== Provided data ==
>>>>

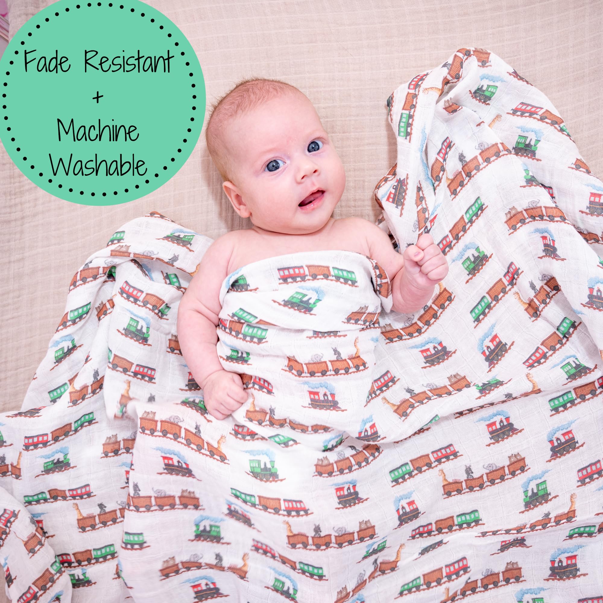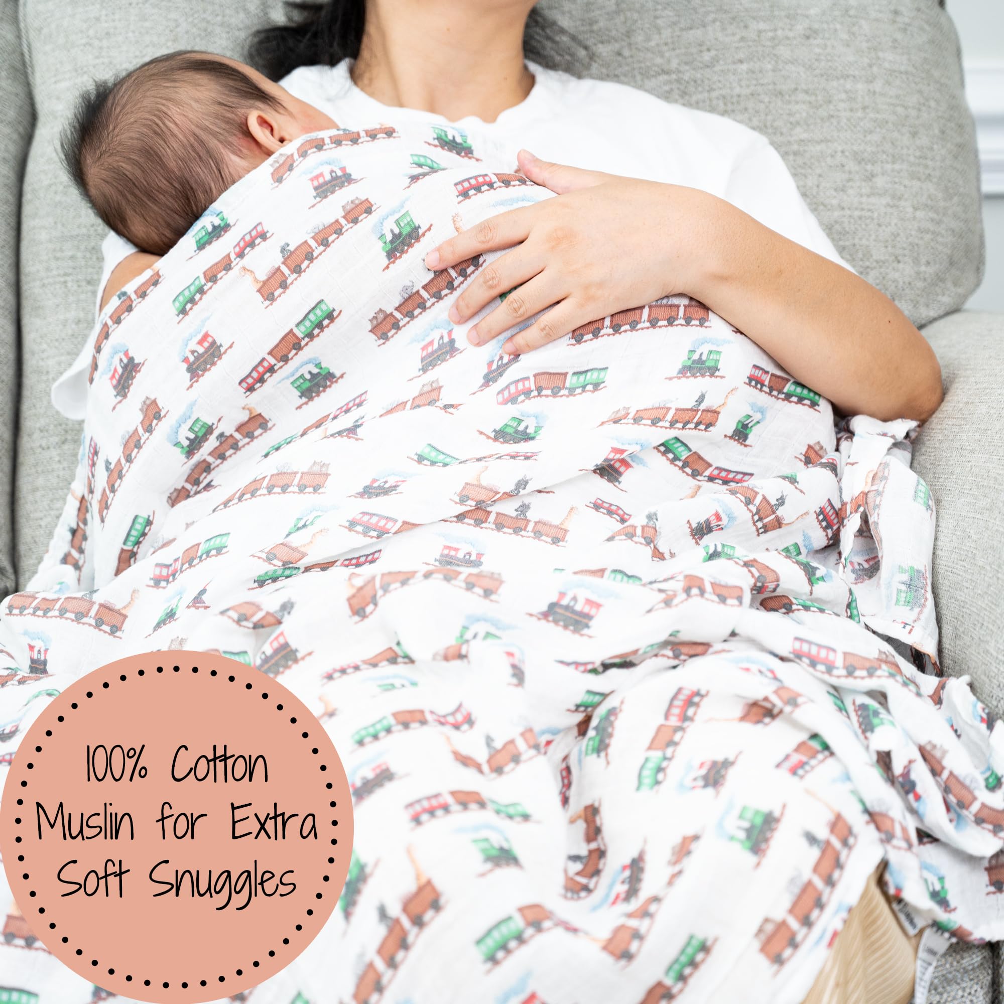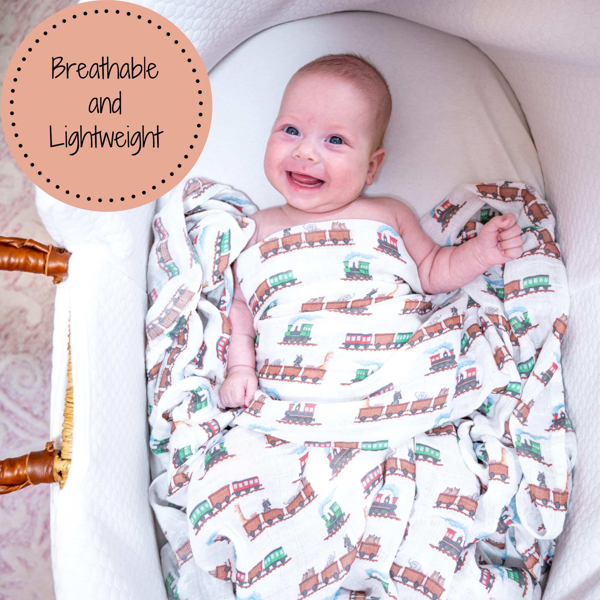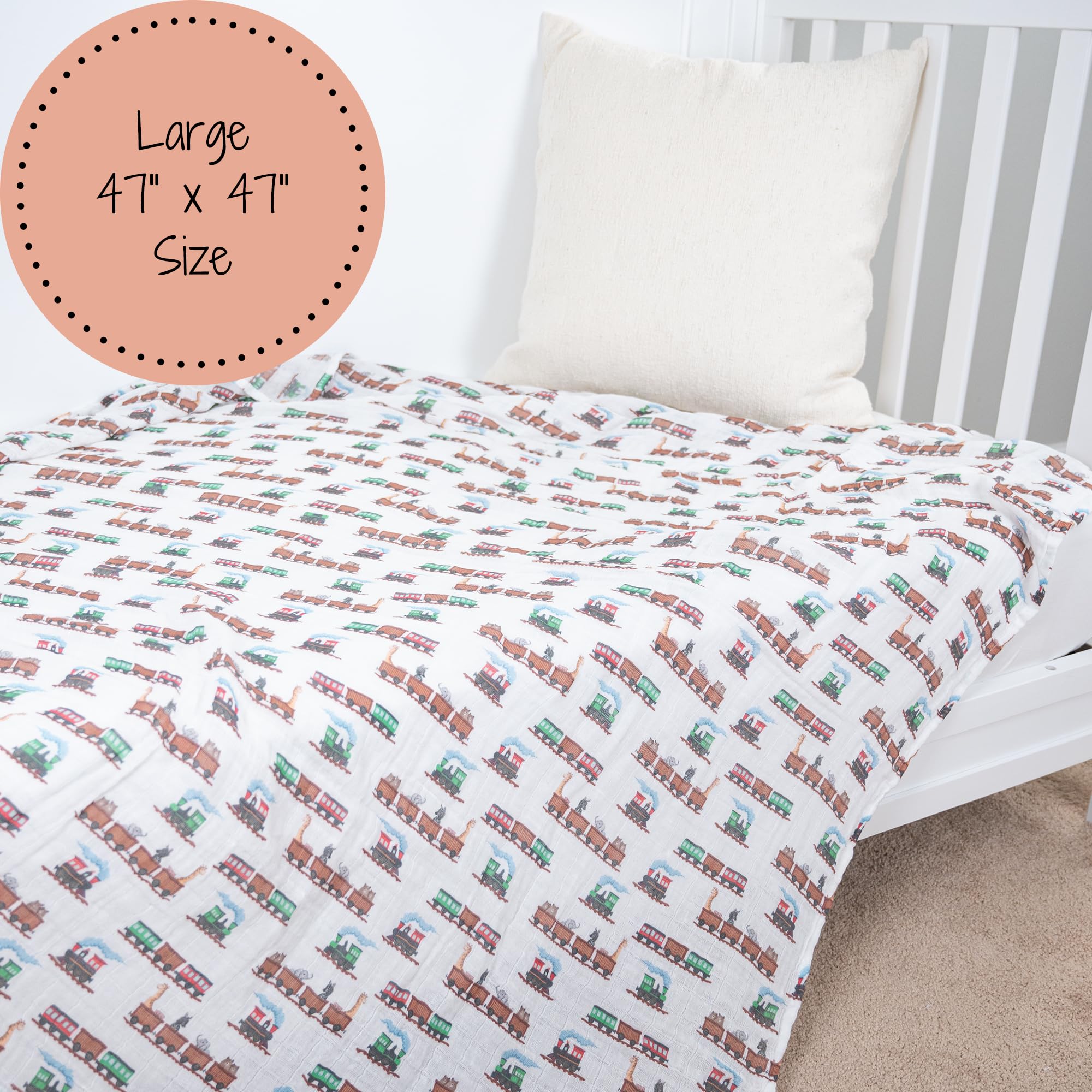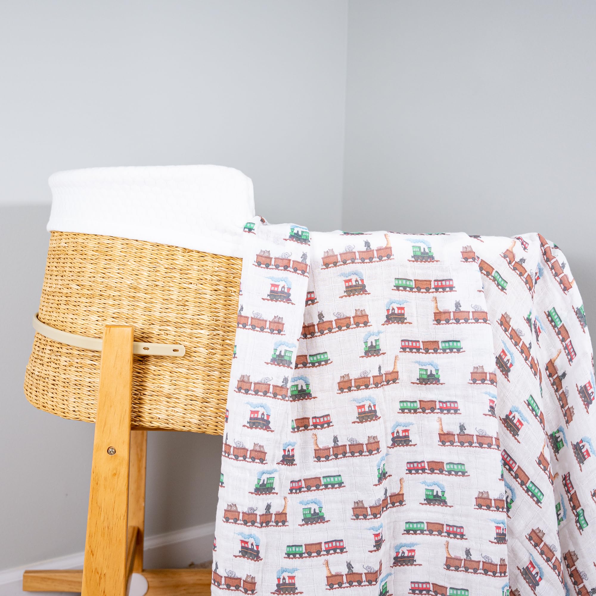 ANIMAL TRAIN - Ride into cozy comfort with this muslin swaddle blanket printed in colorful animal train designs. A fun nursery essential that wraps your baby in breathable softness from nap to playtime
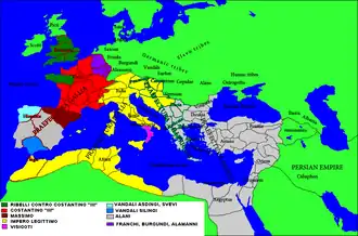 - ^ a b Peter Heather, The Fall of the Roman Empire: A New History of Rome and the Barbarians, (Oxford University Press, 2006), p. 227.
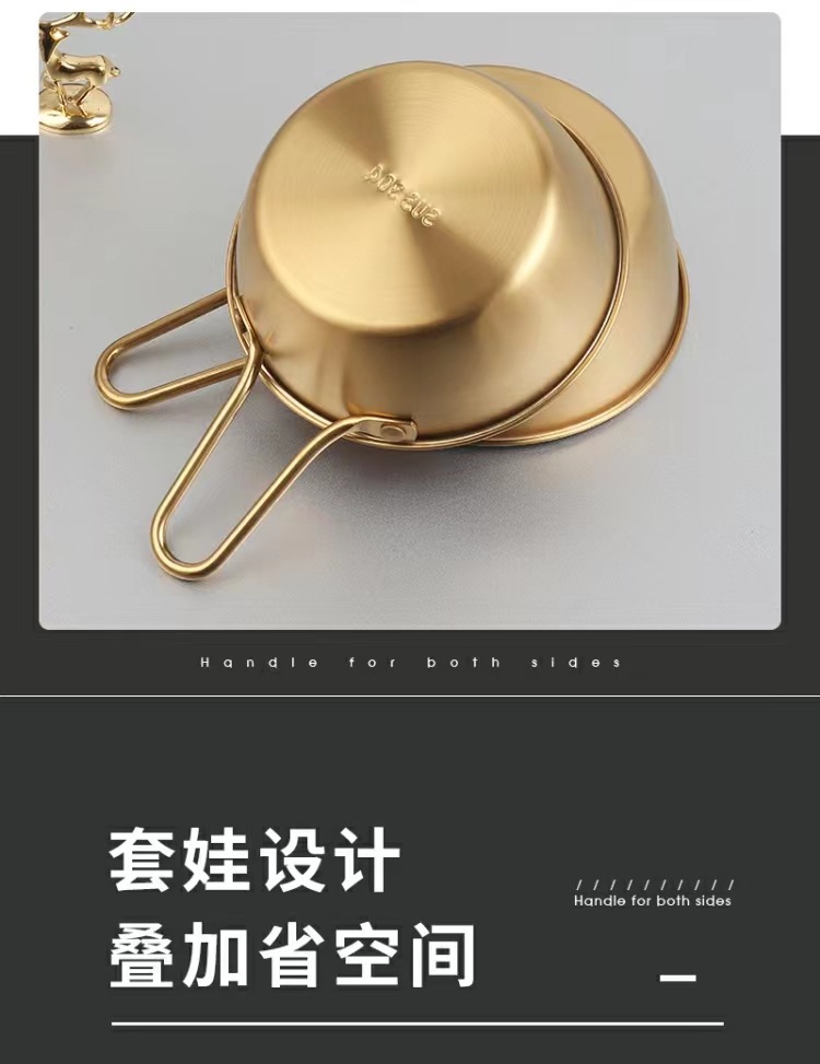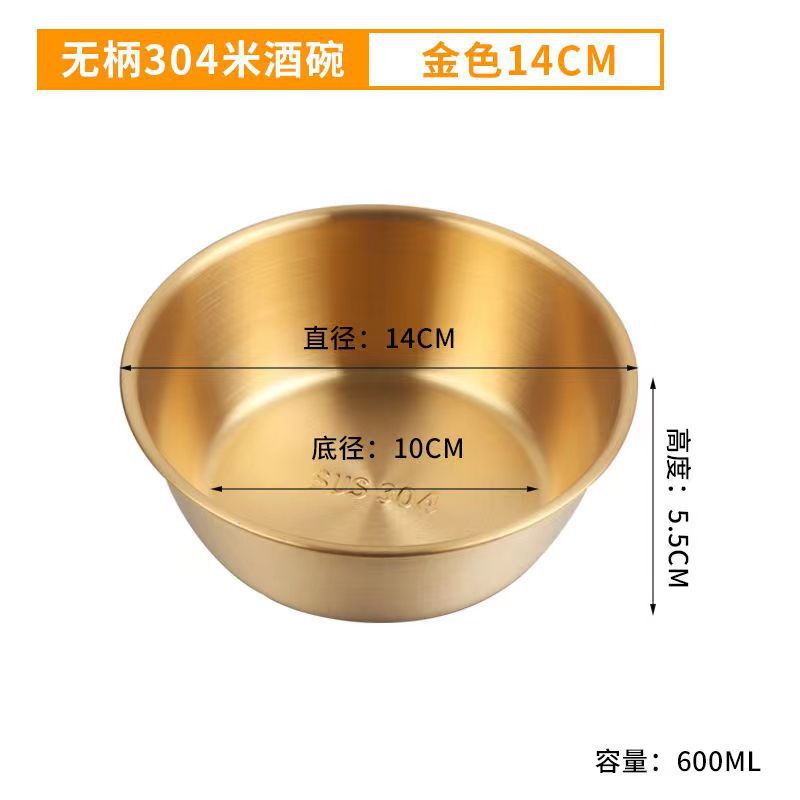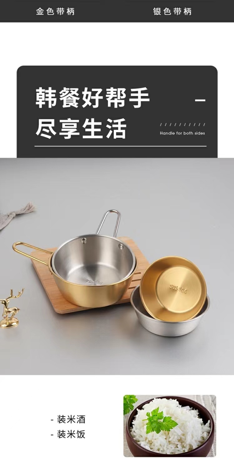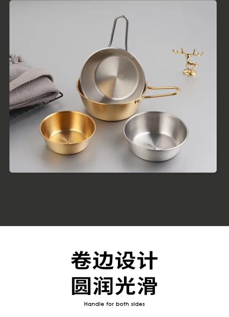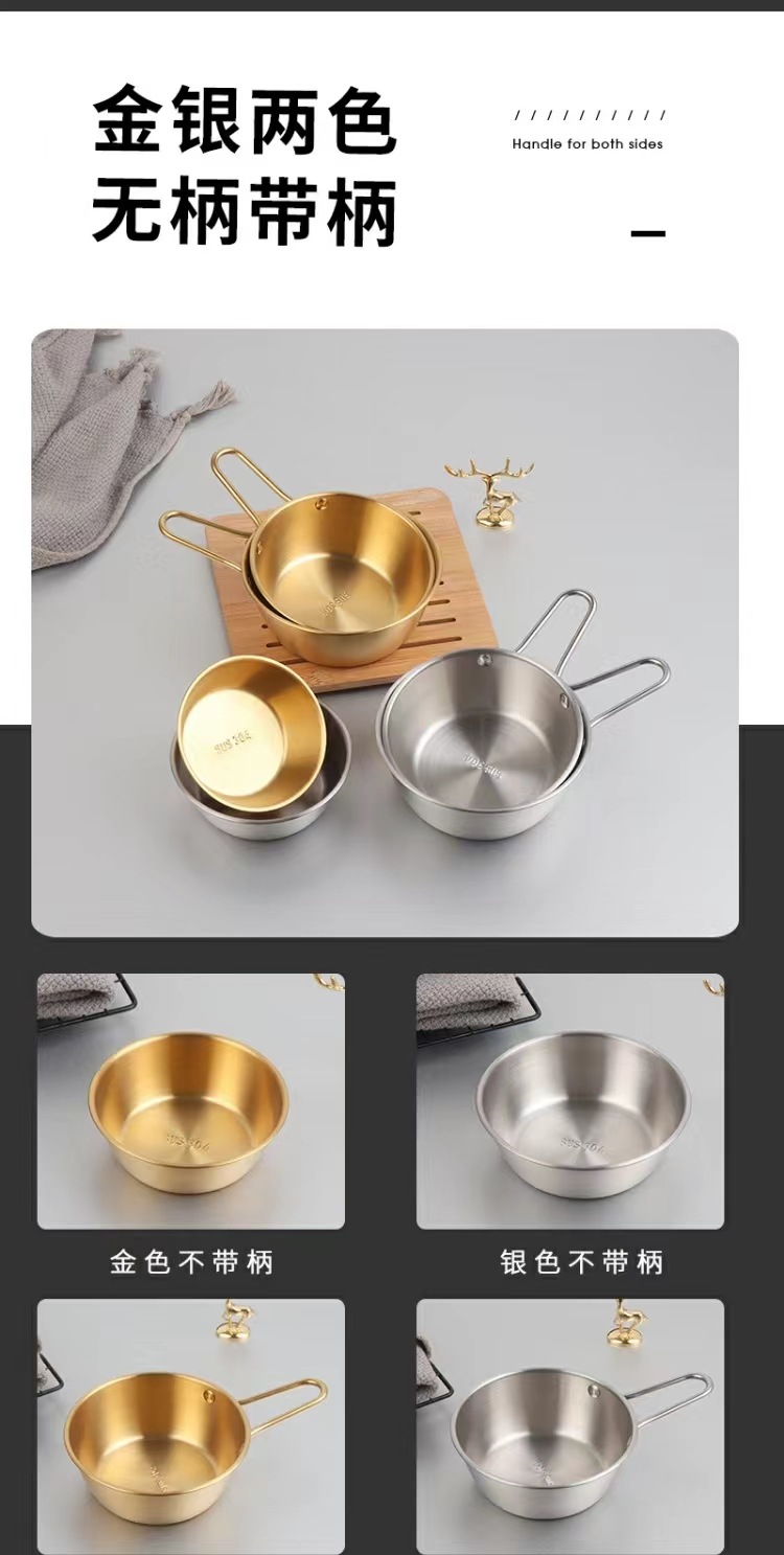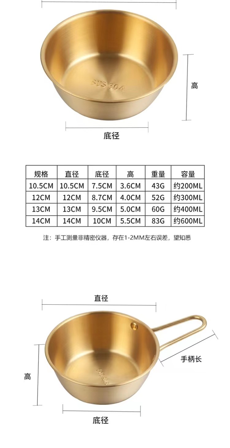 304不锈钢韩式米酒碗露营烤肉蘸料碗韩国餐具金色带把沙拉碗批发

<<<<

Exclude the pictures and print the rest of the data exactly.

 ANIMAL TRAIN - Ride into cozy comfort with this muslin swaddle blanket printed in colorful animal train designs. A fun nursery essential that wraps your baby in breathable softness from nap to playtime
 - ^ a b Peter Heather, The Fall of the Roman Empire: A New History of Rome and the Barbarians, (Oxford University Press, 2006), p. 227.
 304不锈钢韩式米酒碗露营烤肉蘸料碗韩国餐具金色带把沙拉碗批发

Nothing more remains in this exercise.